I tried LLL they only have babies. =/

----------


## XDragonFrogX

Hmm.. i have no idea who sells adults :/ sorry i cant help you there

----------


## N3XU5

> After posting the same review on their facebook page.  I received an email from "FRANK" someone who i haven't been working with in this company.  
> 
> EMAIL IS READ AS FOLLOWS:  
> 
> Hi Cory,
> 
> 
> Admittedly I did mis-read your e-mail...I thought you said, in all caps, that they had to be "PERFECT" and "FAT." Whenever a customer demands perfection, they lose me. Meaning, I can't help them, because no animal is perfect, you can always find an imperfection somewhere. You apparently took my response very hard and very personally, which wasn't my intention. 
> 
> ...


They told you to grow up!? Backwater reptiles obviously needs to get out of the reptile/amphibian business, and grow up.

----------


## XDragonFrogX

I wouldnt buy from backwater personally. I have a red eyed crocodile skink who originally came from them but she was bought by someone else. Then i got her from them.

----------


## redeyedtreefrog123451

> I tried LLL they only have babies. =/


Oh darn sorry last time they had all ages! :P

----------


## demon amphibians

I have also had a couple bad experiences with this site.
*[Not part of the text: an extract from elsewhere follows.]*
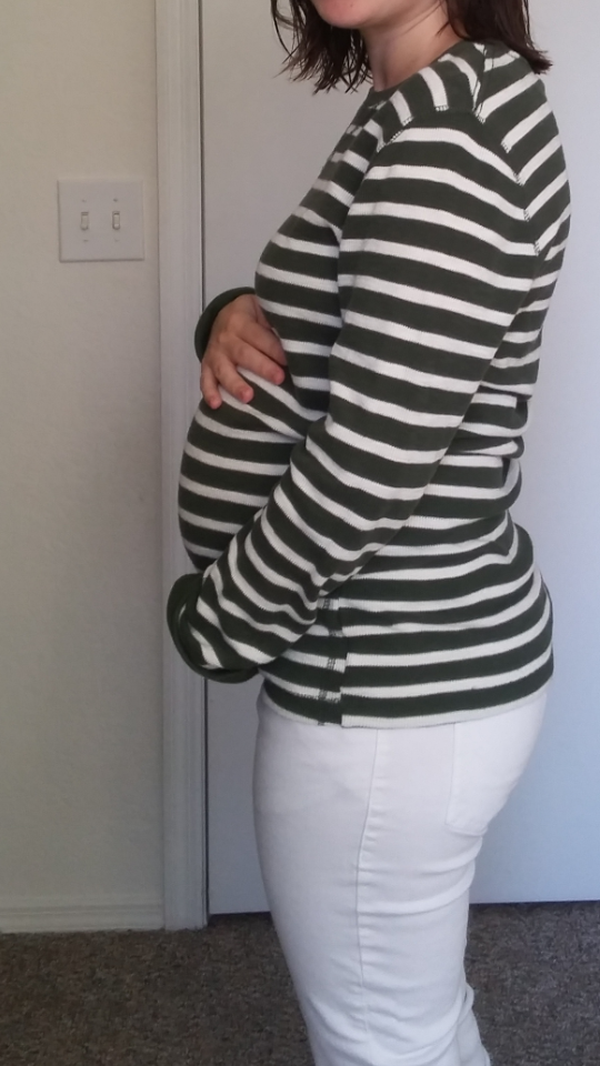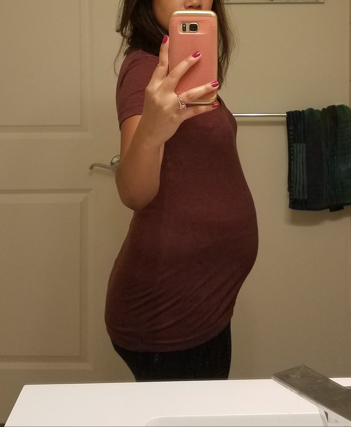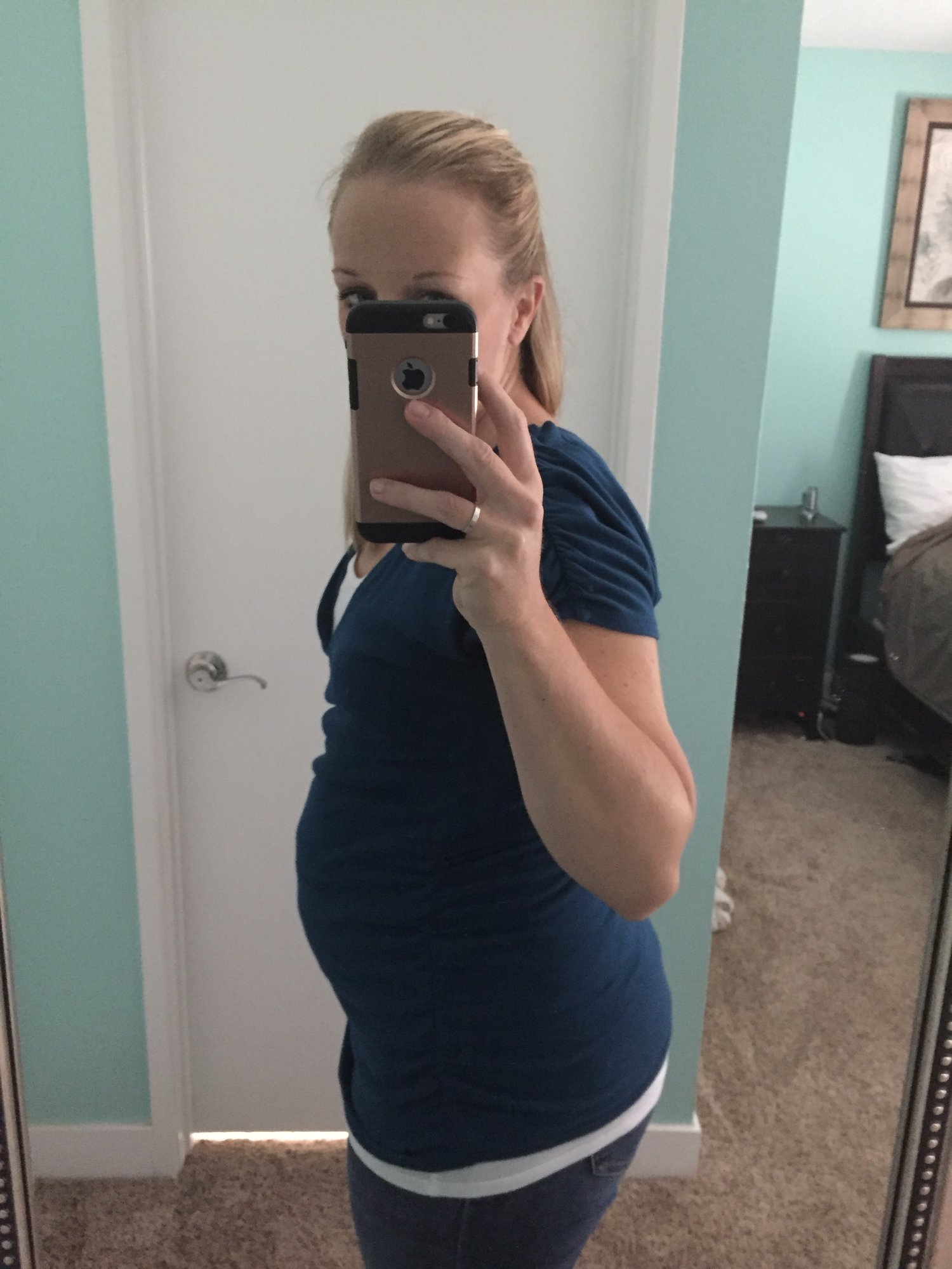 24 weeks today with baby boy! I would just like to point out that this shirt was a staple until literally the day I gave birth to DD. It looks like it is hanging on for dear life at 24 weeks with DS. Oy.

The way their site is set up makes them look very professional but this is very misleading. First i ordered a few hundred dubias from them i received them in the mail after 3 days of ordering, when i opened the box they all came rushing out all over the place. granted dubia are very slow but when you have hundreds running in every direction it is not a good surprise especially when you are new to breeding roaches and had second thoughts about roaches to begin with. they used no containers they just put them all in a box with a few peaces of torn up cardboard then along with roach chow and water crystals which they charged 10 times the price of what the items where even worth. anyways they just threw these items in the box of loose roaches as well which in shipping crushed many of them. But despite my better instincts i order a smooth sided toad from them a few weeks later. it arrived skinny and none active. it wouldnt eat or hop around it was extremely malnourished. Keep in mind this toad was overnighted, so when i ordered it i received it the very next day which tells anyone with a brain that they sent this toad in this condition. It died less then two days later. smooth sided toads are not cheap either. I emailed them and they said that there was nothing they could do because it arrived alive and i didn't send a pic when it arrived. not to mention they where some what rude in the email.  I also posted a bad review on their site and just like what they did to CJ, they deleted it with in an hour of me posting. One more thing i would like to add is that they have cane toad listed and a marine toad listed on there site at different prices. Cane toad and marine toad are the exact same species. So what would be the reason behind having these listed as two different species at different prices?  It may be because they are different sizes but when they list them under different names kinda hints that they do not know much about this species. I emailed them to ask this very question and i never got a response. after reading CJs post i am not a bit surprised that they pulled this stunt. I just hope that people on this forum read this and don't make the same mistakes i did.

----------


## COREY

Demon,

Thanks for the heads up. =O  thats crazy!!

----------


## Hypnotic

A.I.R EXOTICS, I think the way that they replyed to you, and even tryed to intimidate you not to post a negative review, pretty much sums it all up. They clearly don't strike me as professional with an attitude like that. 
Demon, sorry, but I couldn't help nearly spitting out my orange juice laughing. I'l admit, that's no way to ship cockroaches, but seriously, the mental image I had of you opening that box just cracked me up. 
Reading all of the above, I definitely would not buy from them if I lived close enough too, they don't sound professional at all. And if your going to ship a box of roaches without any containers inside, atleast write it on the box.

----------


## ejh805

From everything I've read about them, they're awful to deal with.
And the animals that are bought from Backwater, they never even see. What's the term?.....drop shippers. Technically the animal is never even seen by the people selling it to you.

----------


## Jack

> One more thing i would like to add is that they have cane toad listed and a marine toad listed on there site at different prices. Cane toad and marine toad are the exact same species.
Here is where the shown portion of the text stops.